Like Elodea, red weed's dominance renders the environment unexploitable by humans. In fact, red weed has the potential to disrupt humans’ “experiences of everyday life and . . . expectations of the future” just as much, or more, than the Martians’ heat rays and black smoke.Footnote 38 As red weed's transformation of southern Britain indicates, it could re-engineer the surface of the Earth into an aqueous infrastructure suitable to itself but hostile to many other forms of life. For instance, the impossibility of practicing agriculture and horticulture in a Martian- and red-weed-dominated environment is implicit throughout the narrator's description of his flight and hiding from the Martians, as he watches fields and gardens fill with red weed and hears accounts of people “starving in heaps” (153). An artilleryman the narrator meets on the outskirts of London even suggests that the Martians will use humans’ experience of “empty stomachs” to transform people into a captive food source; no longer the growers of food in a landscape shaped to support them, humans will become “eatable ants” (155, 153). Acknowledging his own vulnerability in a space no longer engineered for his survival, the narrator explores the possibility of exchanging accustomed food sources for red weed. He describes the plant's appearance as “between butcher's meat and pickled cabbage,” and at one point he “gnawed some fronds of red weed; but they were watery, and had a sickly, metallic taste” (175, 146). Even if the Martians were to withdraw at this point in the novel, leaving humans the safety and leisure needed to reestablish agriculture, red weed's far-reaching conquest of the novel's spaces and water resources (“the water mains and drains are empty,” the artilleryman remarks) would make this task near-impossible (153), with red weed's dominance arguably offering an even more significant threat to human survival than the Martians. In its depiction of human vulnerability to Martian attack, then, the novel also shows humans’ vulnerability to Martian plants’ environmental re-engineering. Red weed's spread across the landscape reveals how the British environment acts, or used to act, as an infrastructure for sustaining life, with this infrastructure only made visible to the novel's human characters by its collapse.

The Long Life of Elodea and the Short Life of Red Weed

Despite the alignment between Elodea's trajectory in Britain and red weed's initial plotline through Wells's novel, the careers of these plants ultimately diverge. Looking out over the reddened landscape, the narrator of The War of the Worlds feels the “first inkling of a thing that presently grew quite clear in my mind . . . a sense of dethronement, a persuasion that I was no longer a master, but an animal among the animals, under the Martian heel. With us it would be as with them, to lurk and watch, to run and hide; the fear and empire of man had passed away,” replaced by the empire of the Martians and red weed (144).
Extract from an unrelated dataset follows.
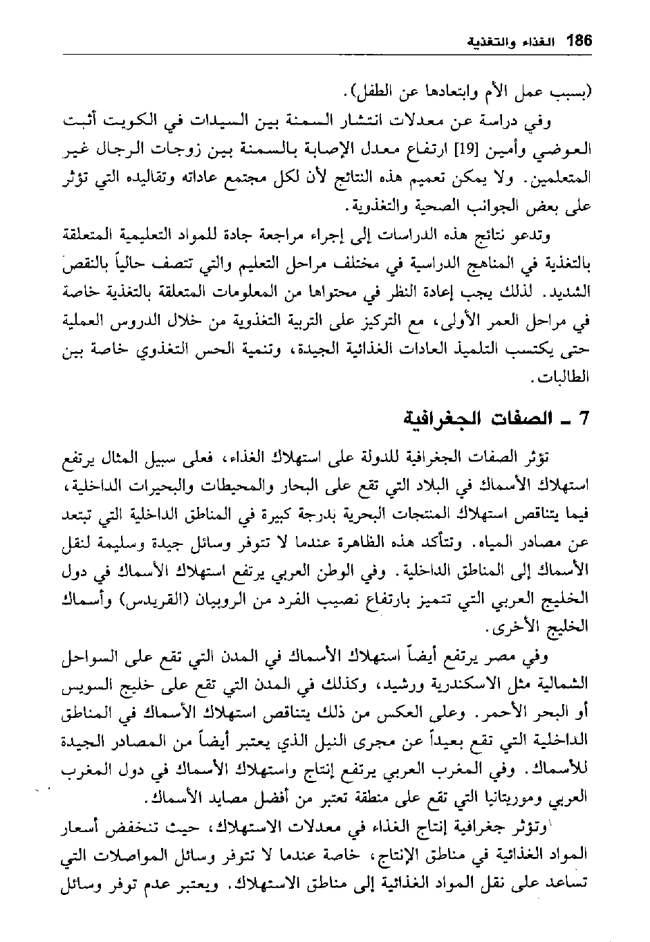 تؤثر الصفات الجغرافية للدولة على استهلاك الغذاء، فعلى سبيل المثال يرتفع استهلاك الأسماك في البلاد التي تقع على البحار والمحيطات والبحيرات الداخلية، فيما يتناقص استهلاك المنتجات البحرية بدرجة كبيرة في المناطق الداخلية التي تبتعد عن مصادر المياه. وتتأكد هذه الظاهرة عندما لا تتوفر وسائل جيدة وسليمة لنقل الأسماك إلى المناطق الداخلية. وفي الوطن العربي يرتفع استهلاك الأسماك في دول الخليج العربي التي تتميز بارتفاع نصيب الفرد من الروبيان "القريدس" وأسماك الخليج الأخرى.

Such passages have inspired critics to stress the novel's critique of anthropocentrism: Alt argues that the novel shows how “evolutionary ideas in the Victorian period stripped humans of their sense of special status,”Footnote 39 while Robert Crossley similarly contends that the novel satirizes the “anthropocentric fallacy” that “puts a human face on all intelligence, [and] assumes that only those beings created in our image have status equivalent to ours.”Footnote 40 But the novel soon retreats from this imagined loss of humans’ “empire,” leaving incomplete the novel's anthropocentric critique. As he walks through deserted London, the narrator realizes that the Martians are dead, felled by Earth's microbes. Red weed is similarly soon destroyed, “succumb[ing] almost as quickly as it had spread”:

A cankering disease, due, it is believed, to the action of certain bacteria, presently seized upon it. Now, by the action of natural selection, all terrestrial plants have acquired a resisting power against bacterial diseases—they never succumb without a severe struggle, but the red weed rotted like a thing already dead. The fronds became bleached, and then shriveled and brittle. They broke off at the least touch, and the waters that had stimulated their early growth carried their last vestiges out to sea. (145)
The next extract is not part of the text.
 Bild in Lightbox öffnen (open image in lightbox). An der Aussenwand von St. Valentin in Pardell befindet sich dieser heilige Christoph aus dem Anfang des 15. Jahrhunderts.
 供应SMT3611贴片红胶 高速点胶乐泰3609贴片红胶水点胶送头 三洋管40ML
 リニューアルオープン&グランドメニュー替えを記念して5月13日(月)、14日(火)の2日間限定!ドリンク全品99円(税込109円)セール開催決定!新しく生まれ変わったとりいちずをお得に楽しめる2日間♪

Red weed's disappearance, enabled by the network of waterways that also enabled its dispersal, is so complete that the narrator, writing some years after the Martian invasion, is able to say that “few people have seen it growing.” With red weed's removal, the British landscape is rapidly restored. Terrestrial plants retake the spaces once occupied by red weed, and Britain's watery environments return to their former state, so that in the novel's closing paragraph the narrator reflects on an environment marked by “flower-beds on the hill” and a “dim and blue” horizon, rather than red weed's “blood-red” growth (128).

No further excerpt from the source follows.